I always get back 0 hits
<?xml version="1.0" encoding="utf-8" ?>
<blacklabResponse>
<summary>
<searchParam>
<filter>order:[0 TO 200]</filter>
<first>0</first>
<indexname>docuser:e9ff4e7f-ade4-4655-9c81-9720b643f70e_IVBM</indexname>
<number>1000</number>
<patt>""</patt>
<usecontent>orig</usecontent>
</searchParam>
<searchTime>1</searchTime>
<countTime>1</countTime>
<windowFirstResult>0</windowFirstResult>
<requestedWindowSize>1000</requestedWindowSize>
<actualWindowSize>0</actualWindowSize>
<windowHasPrevious>false</windowHasPrevious>
<windowHasNext>false</windowHasNext>
<stillCounting>false</stillCounting>
<numberOfHits>0</numberOfHits>
<numberOfHitsRetrieved>0</numberOfHitsRetrieved>
<stoppedCountingHits>false</stoppedCountingHits>
<stoppedRetrievingHits>false</stoppedRetrievingHits>
<numberOfDocs>0</numberOfDocs>
<numberOfDocsRetrieved>0</numberOfDocsRetrieved>
<docFields>
<pidField>sectionId</pidField>
<titleField>sectionId</titleField>
</docFields>
<metadataFieldDisplayNames>
<docId>Doc id</docId>
<order>Order</order>
</metadataFieldDisplayNames>
</summary>
<hits>
</hits>
<docInfos>
</docInfos>
</blacklabResponse>
Is this a supported use case?
We don't really use numeric search fields ourselves (other than for a few bookkeeping fields we don't search on), but they should work of course, so this is a bug. I'll try to have a look at it soon, I can't say when I'll have time unfortunately.
In the meantime, do you absolutely need this field to be numeric? You could try indexing it as a regular field. If you need sorting and range searching to work right, you could add leading zeros to all values. A bit of a pain, but at least that way you should avoid this bug.

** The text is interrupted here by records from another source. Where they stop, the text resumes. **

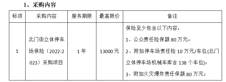 北門街立體停車場(chǎng)保險(xiǎn)(2022-2023)采購項(xiàng)目公告
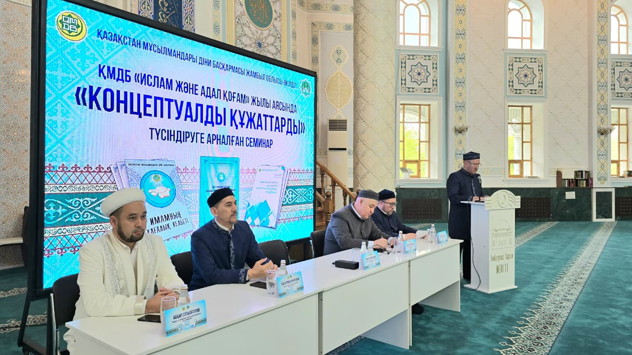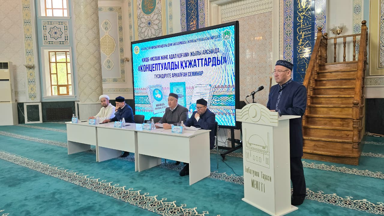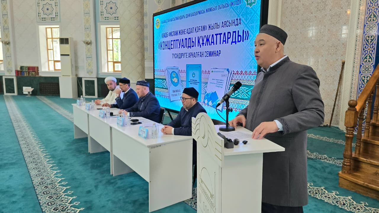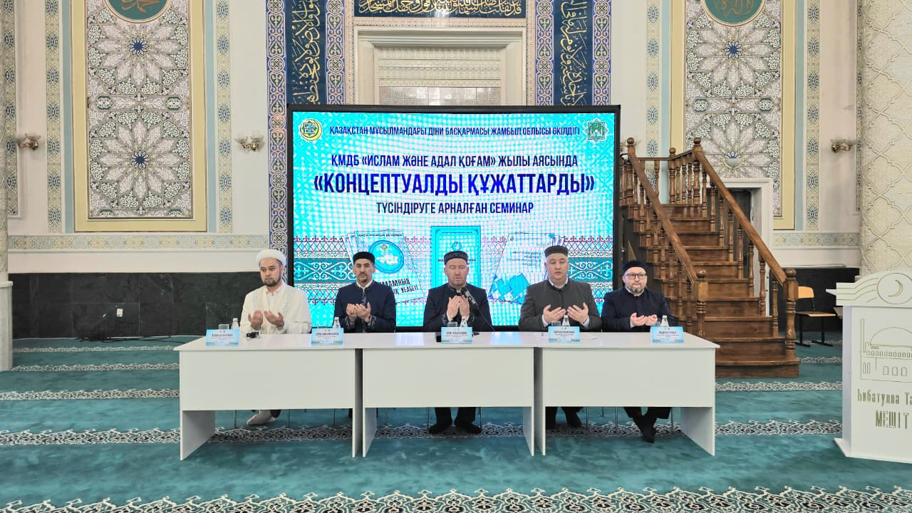 Жамбыл облыстық «Һибатулла Тарази» мешітінде ҚМДБ-ның «Ислам және адал қоғам» жылы аясында «Концептуалды құжаттарды» түсіндіруге арналған семинар өтті. Шараға облыстың Бас имамы Асқар Зәкіржанұлы бастаған қала, аудан имамдары қатысты.
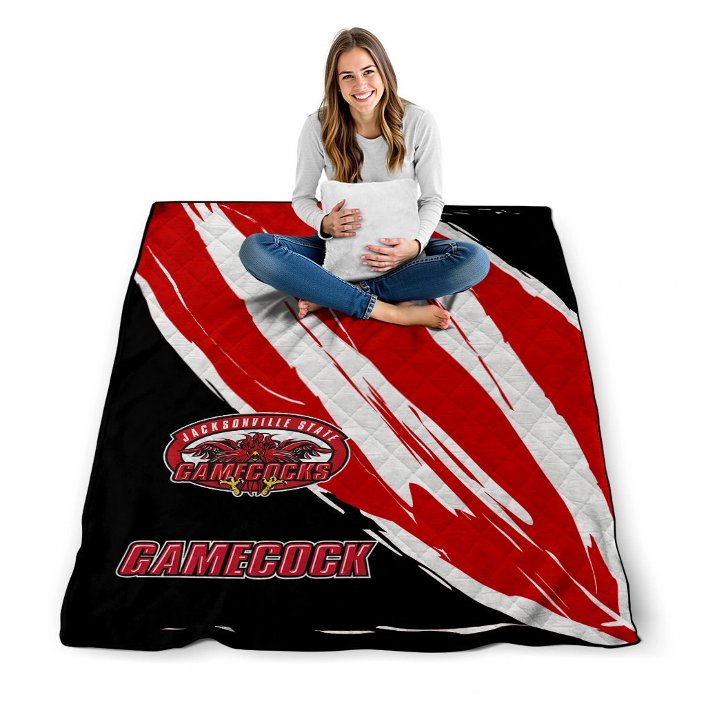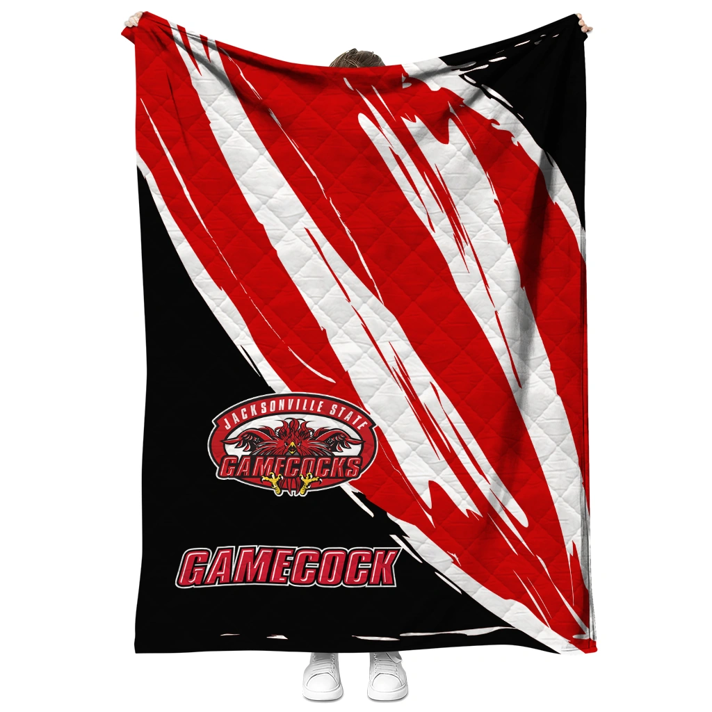 Jacksonville State Gamecocks Stroke Art Red White Quilt Blanket
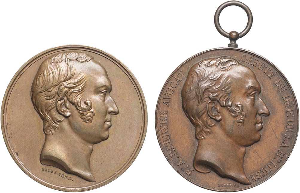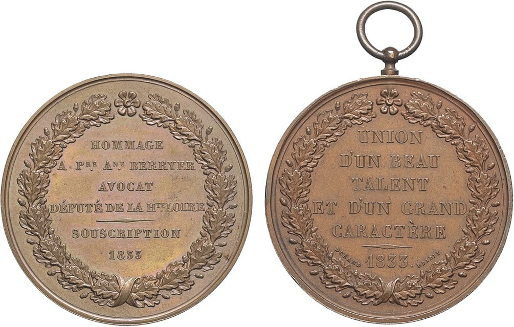 - Henri V (1820-1883). Lot de 2 médailles, Pierre-Antoine Berryer avocat et député de la Haute-Loire, par Barre 1833.
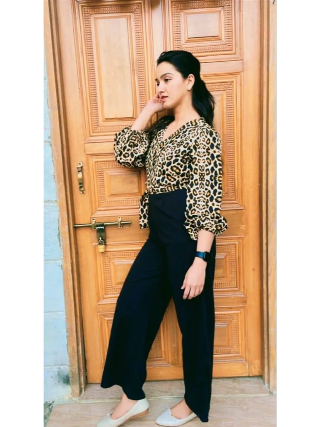 Product Name: Brown Leopard Jumpsuit Top for Women
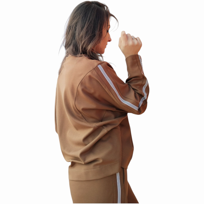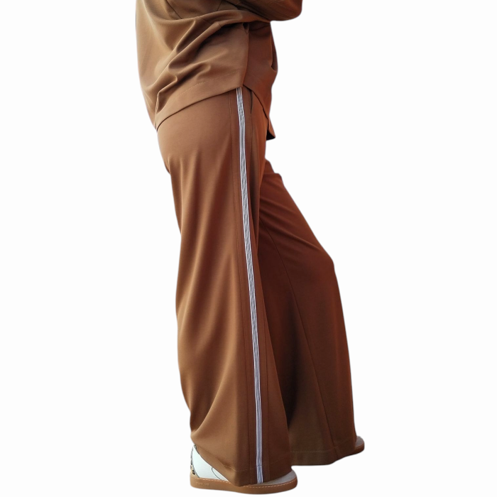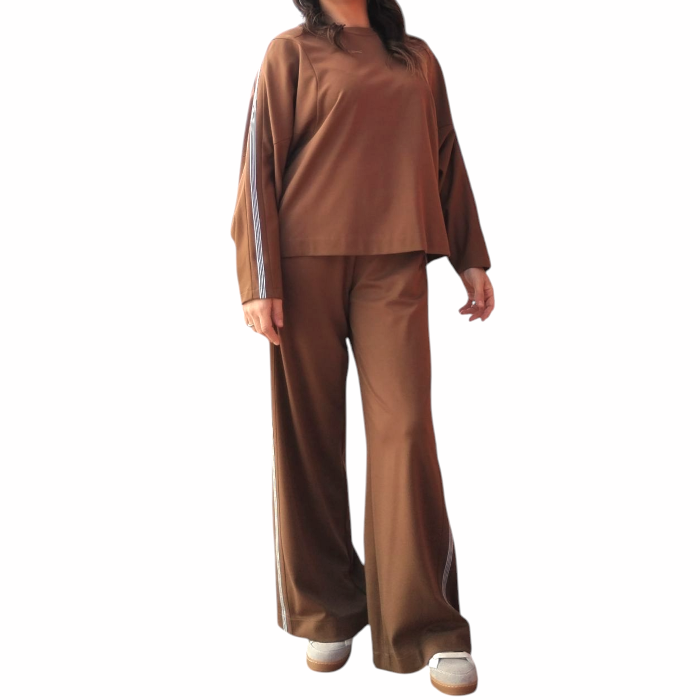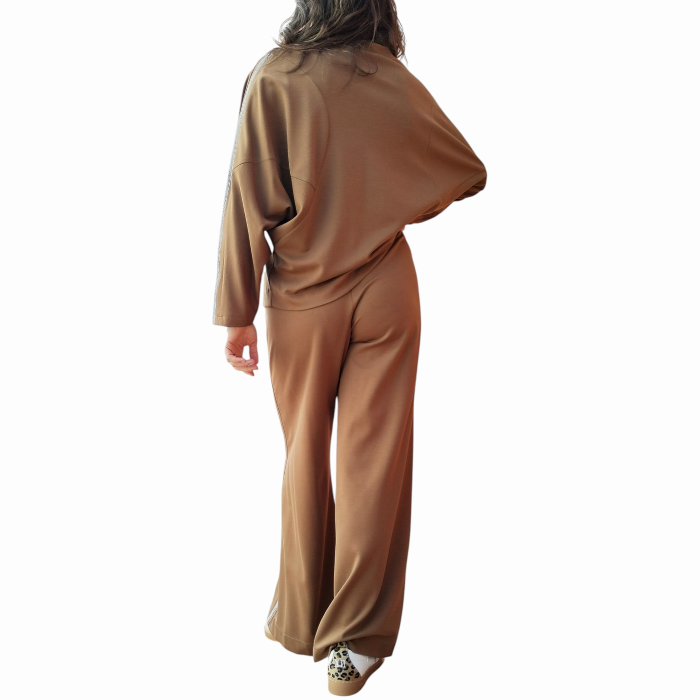 Tuta donna IMPERIAL felpa girocollo e pantalone palazzo con cintura a fascia (XS - Cognac)

Thanks @jan-niestadt - just wanted to confirm that I'm not missing something obvious.
I resorted to a slightly different approach, we do need range numeric queries, but on relatively short ranges, so for the time being I'm indexing them as non-numeric and expanding the range queries into OR clauses, hacky but effective. If we need longer ranges or sorting I'll resort to your suggested workaround.

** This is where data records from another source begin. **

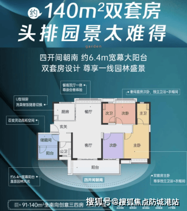 140㎡3+1 房 2 卫:改善优选,头排园景双套房户型,南北通透望园林,6.4 米大阳台拓展活动空间,双套间卧室设计提升私密性,四开间朝南,采光通风极佳,尽显品质生活。
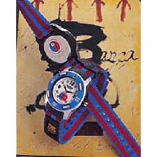 Dedicated to the glory of football, Calcio-Swiss watches feature a round case, official FIFA football-shirt numbers, a rotating bezel for timing the halves and any overtime periods, and a stud-shaped crown. This model celebrates the anniversary of FC Barcelona with the logo 1899-1999 on the dial, the Barça colours on the strap, and the club’s mascot on the case-back.
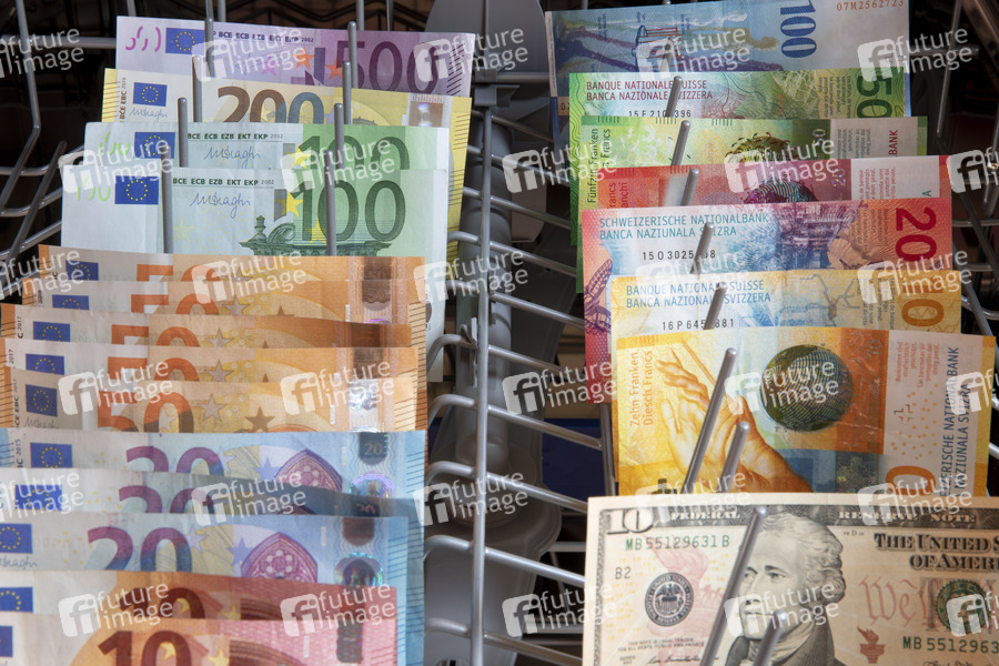EURO, Schweizer Franken und Dollar Banknoten in einer Geschirrspülmaschine
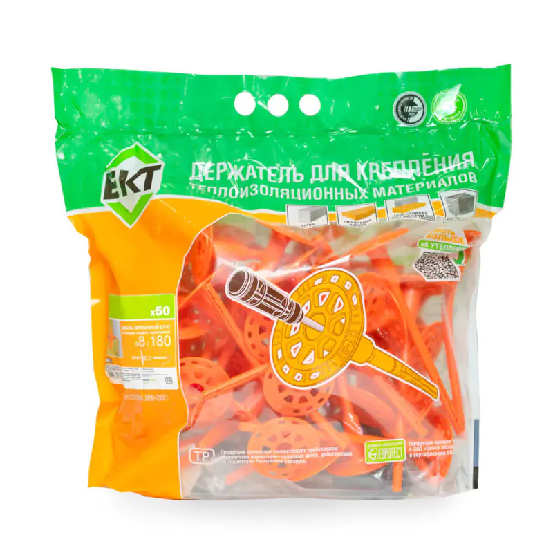 Зонт для теплоизоляции (дюбель тарельчатый) ЕКТ DT-8T-180 8х180 со стальным гвоздем с высокоэффективной термоголовкой применяется для крепления теплоизоляционных материалов в бетон, полнотелый кирпич, пустотелый керамический кирпич, газосиликат и керамзитобетон.

Thanks for the quick turnaround! I'll keep monitoring this issue for updates, and let you know if I decide to try tackling it myself (to avoid duplicating the effort). I definitely won't attempt a fix until you can at least repro and confirm.

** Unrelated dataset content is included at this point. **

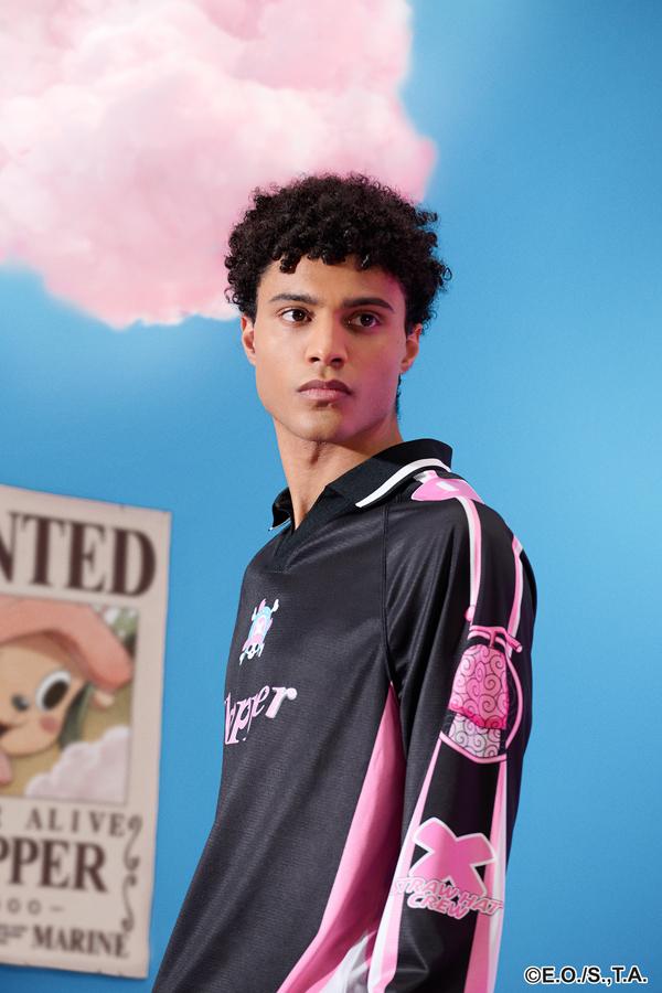 Le maillot à manches longues, également à 39,99 €, joue noir et rose. L’emblème de notre personnage est à l’avant, le nom au dos. Le numéro 06, lui, n’est pas décoratif : il rappelle que Chopper est le sixième membre à avoir rejoint l’équipage. Des pétales de cerisier viennent compléter la composition.
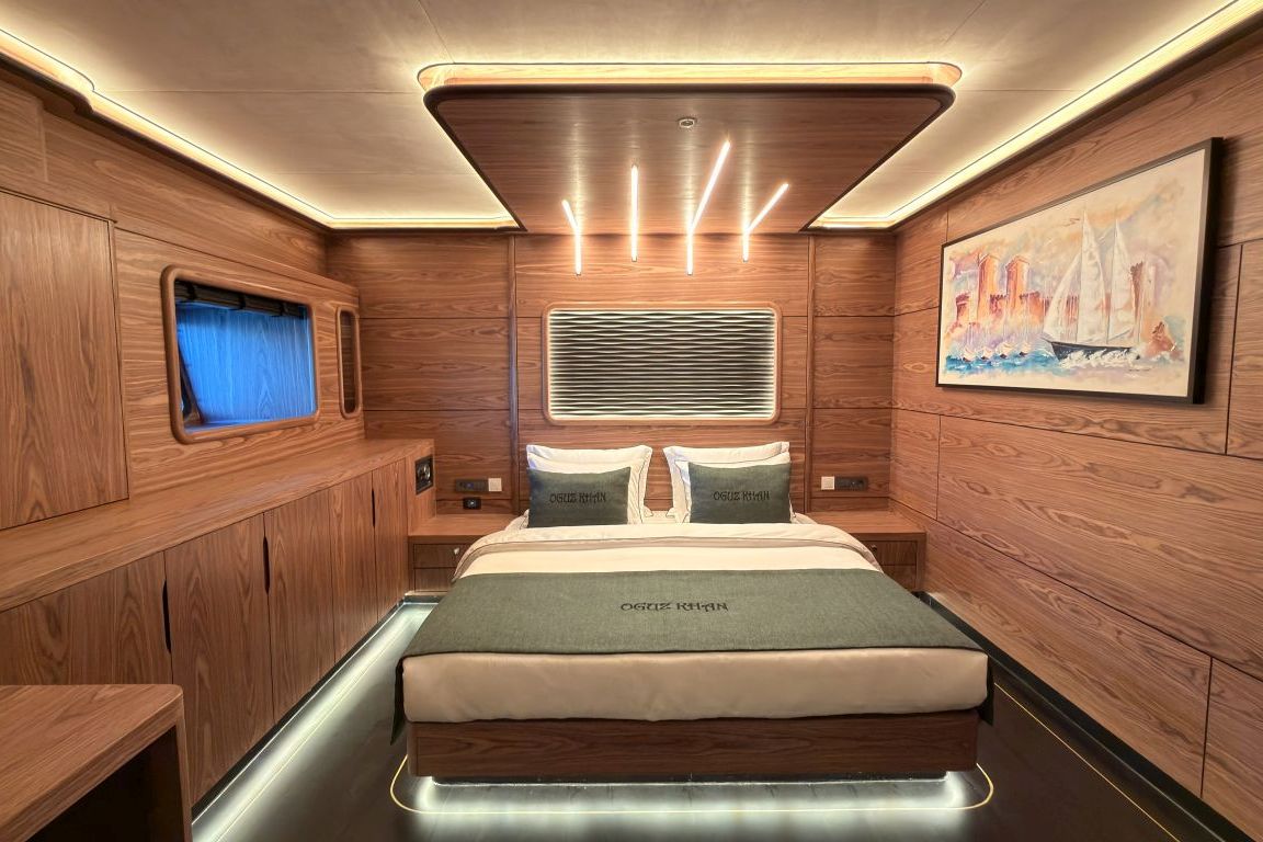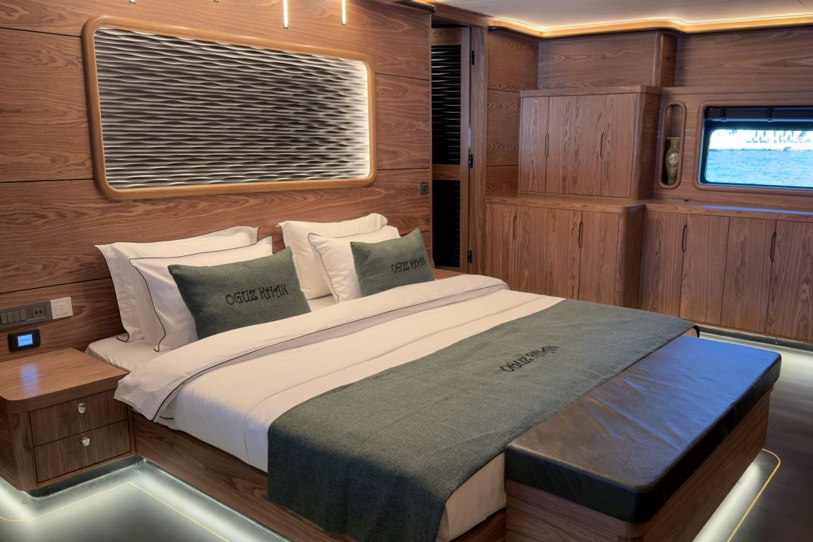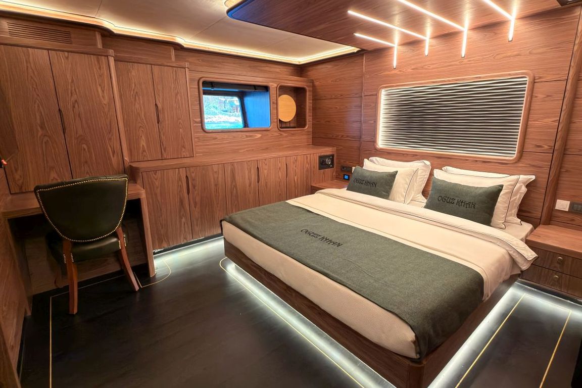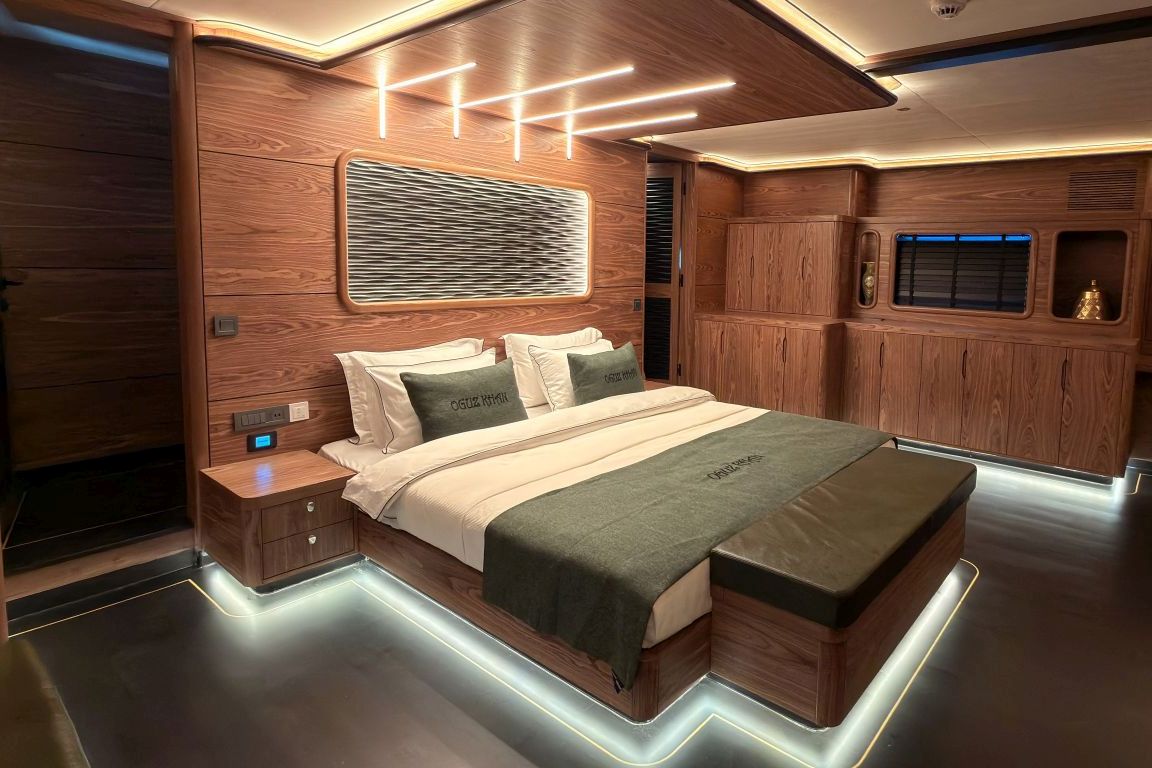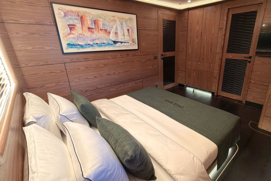 | Вместимость до 12 гостей; 1 мастер-каюта, 4 двухместные каюты, 1 каюта с двумя односпальными кроватями, кондиционер, шкаф для одежды, душевая кабина и туалеты домашнего типа во всех каютах, отдельные каюты для экипажа. |

This took way too long. I've looked into it now and I can see that numeric fields are completely broken. The field type is read from the configuration, but is lost during indexing because DocIndexer doesn't seem to take type into account. So the index metadata doesn't even list the field as numeric anymore.
First step will be to fix that, then figure out why even before this broke, filtering on numeric range wasn't working.
Testing on the current dev version, the only problem left appeared to be that regular term (range) queries were produced for all field types, even numeric ones. I've now subclassed QueryParser to address this and numeric fields seem to work (at least in the integrated index format).
Awesome change, thanks @jan-niestadt!